▶ **Dataset excerpt**:
● ● ●
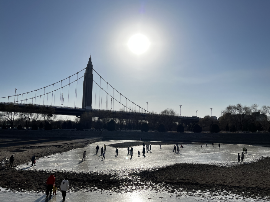 记者看到,靠近岸边的河面上,冰层冻得并不结实,只有薄薄一层。“那边中午能晒着太阳,温度高,冰冻得不结实。”一位在此滑冰的老人告诉记者,“这地方属于野冰,谁要是摔了、碰了,或是掉进冰窟窿里,那可没人管,只能自认倒霉。”
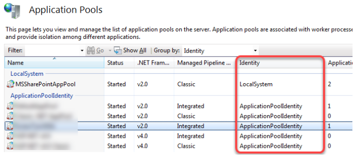 - Select the Application Pool you wish to change. Note that you can sort your Application Pools by categories such as Name, Status, Identity, Applications, and so on.
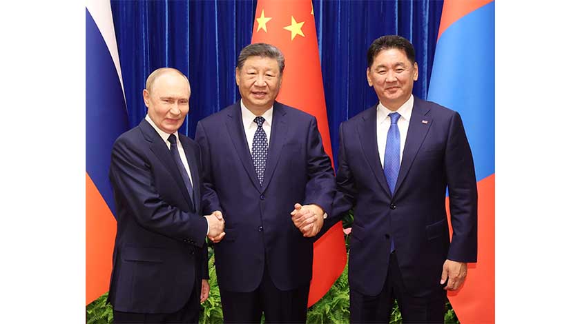 【中新社北京9月2日電】9月2日上午,中國國家主席習近平同俄羅斯總統普京、蒙古國總統呼日勒蘇赫在北京人民大會堂舉行中俄蒙三國元首第七次會晤。
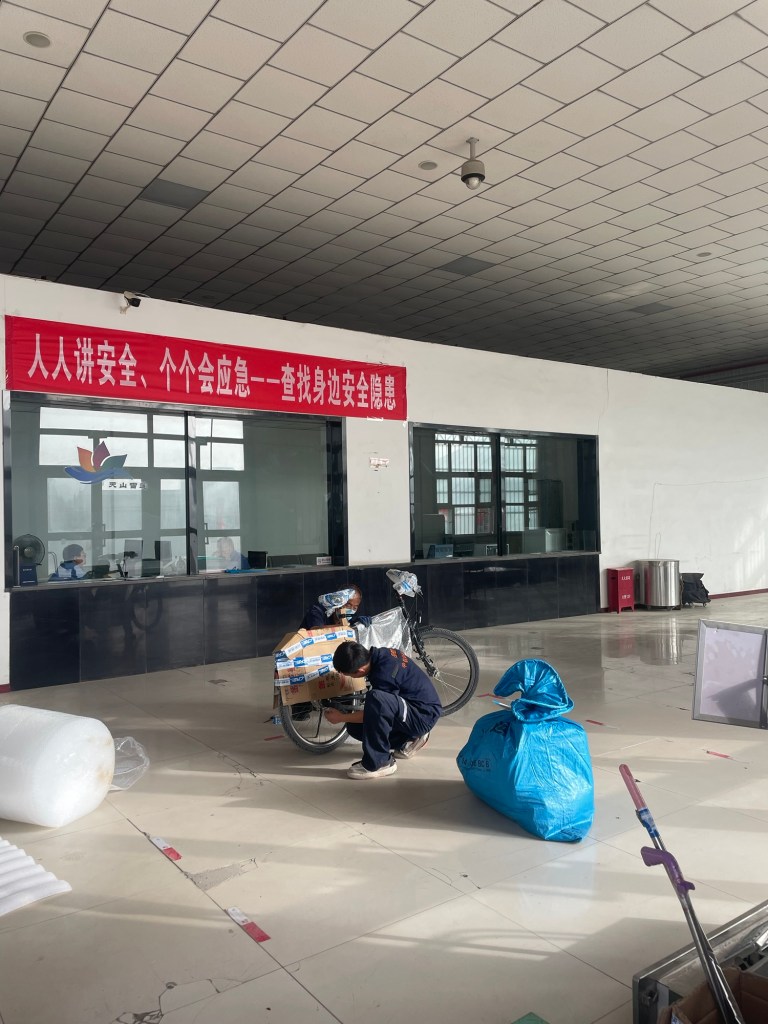 Stampvol noedels stap ik op om 500 meter verder weer af te stappen. Paspoortcontrole. Het landschap wisselt de hele tijd af tussen kale, gegroefde bergwanden en aangeplante populierendreven. Maïskolven liggen met hopen te drogen in de zon. Verlichtingspalen torsen hele kroonluchters. Over de eindeloos rechtdoor lopende weg bol ik harder dan de Chinezen op hun elektrische scootertjes
● ● ●
▶ **Your goal**: None of the pictures should be kept; reproduce all the remaining material exactly.

▶ **Output**:
 记者看到,靠近岸边的河面上,冰层冻得并不结实,只有薄薄一层。“那边中午能晒着太阳,温度高,冰冻得不结实。”一位在此滑冰的老人告诉记者,“这地方属于野冰,谁要是摔了、碰了,或是掉进冰窟窿里,那可没人管,只能自认倒霉。”
 - Select the Application Pool you wish to change. Note that you can sort your Application Pools by categories such as Name, Status, Identity, Applications, and so on.
 【中新社北京9月2日電】9月2日上午,中國國家主席習近平同俄羅斯總統普京、蒙古國總統呼日勒蘇赫在北京人民大會堂舉行中俄蒙三國元首第七次會晤。
 Stampvol noedels stap ik op om 500 meter verder weer af te stappen. Paspoortcontrole. Het landschap wisselt de hele tijd af tussen kale, gegroefde bergwanden en aangeplante populierendreven. Maïskolven liggen met hopen te drogen in de zon. Verlichtingspalen torsen hele kroonluchters. Over de eindeloos rechtdoor lopende weg bol ik harder dan de Chinezen op hun elektrische scootertjes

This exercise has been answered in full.